Records for this task section start

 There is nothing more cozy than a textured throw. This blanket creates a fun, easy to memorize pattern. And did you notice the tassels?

Records for this task section end
Records for this task section start

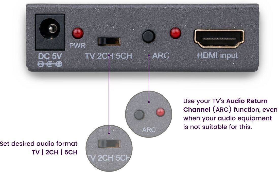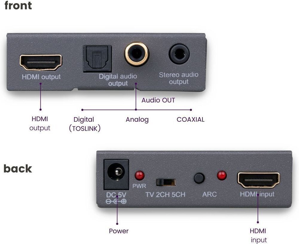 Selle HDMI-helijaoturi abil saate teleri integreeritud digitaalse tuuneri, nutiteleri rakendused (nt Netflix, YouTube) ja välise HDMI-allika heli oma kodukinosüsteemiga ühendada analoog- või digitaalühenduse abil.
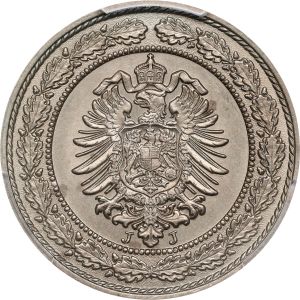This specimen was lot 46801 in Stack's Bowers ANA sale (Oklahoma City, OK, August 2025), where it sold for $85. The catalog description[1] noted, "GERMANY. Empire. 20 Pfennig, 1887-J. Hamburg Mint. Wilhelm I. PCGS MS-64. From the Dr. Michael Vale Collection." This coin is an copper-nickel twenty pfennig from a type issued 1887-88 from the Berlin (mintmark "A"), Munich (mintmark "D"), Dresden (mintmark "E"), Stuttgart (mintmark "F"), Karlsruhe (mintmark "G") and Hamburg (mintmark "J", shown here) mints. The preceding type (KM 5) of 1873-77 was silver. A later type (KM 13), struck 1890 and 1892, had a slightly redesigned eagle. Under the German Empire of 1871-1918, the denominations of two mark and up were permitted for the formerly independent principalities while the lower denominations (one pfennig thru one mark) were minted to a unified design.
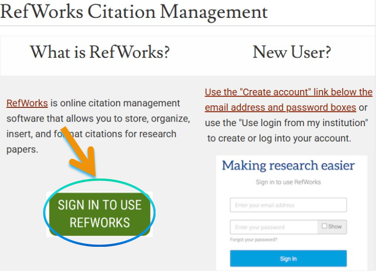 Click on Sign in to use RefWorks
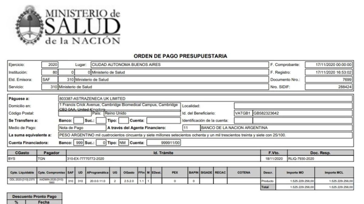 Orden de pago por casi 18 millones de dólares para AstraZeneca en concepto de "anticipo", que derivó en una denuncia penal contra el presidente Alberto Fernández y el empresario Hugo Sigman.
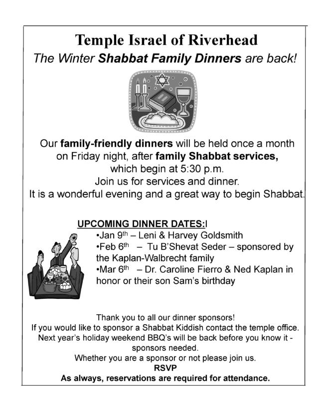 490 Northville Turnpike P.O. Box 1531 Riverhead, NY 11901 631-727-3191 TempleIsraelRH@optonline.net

Records for this task section end

[Required action] Look above for the line containing "Orden de pago", then copy exactly from it through the line containing "490 Northville Turnpike", keeping both and leaving out pictures. Add nothing else.

[Task result]
 Orden de pago por casi 18 millones de dólares para AstraZeneca en concepto de "anticipo", que derivó en una denuncia penal contra el presidente Alberto Fernández y el empresario Hugo Sigman.
 490 Northville Turnpike P.O. Box 1531 Riverhead, NY 11901 631-727-3191 TempleIsraelRH@optonline.net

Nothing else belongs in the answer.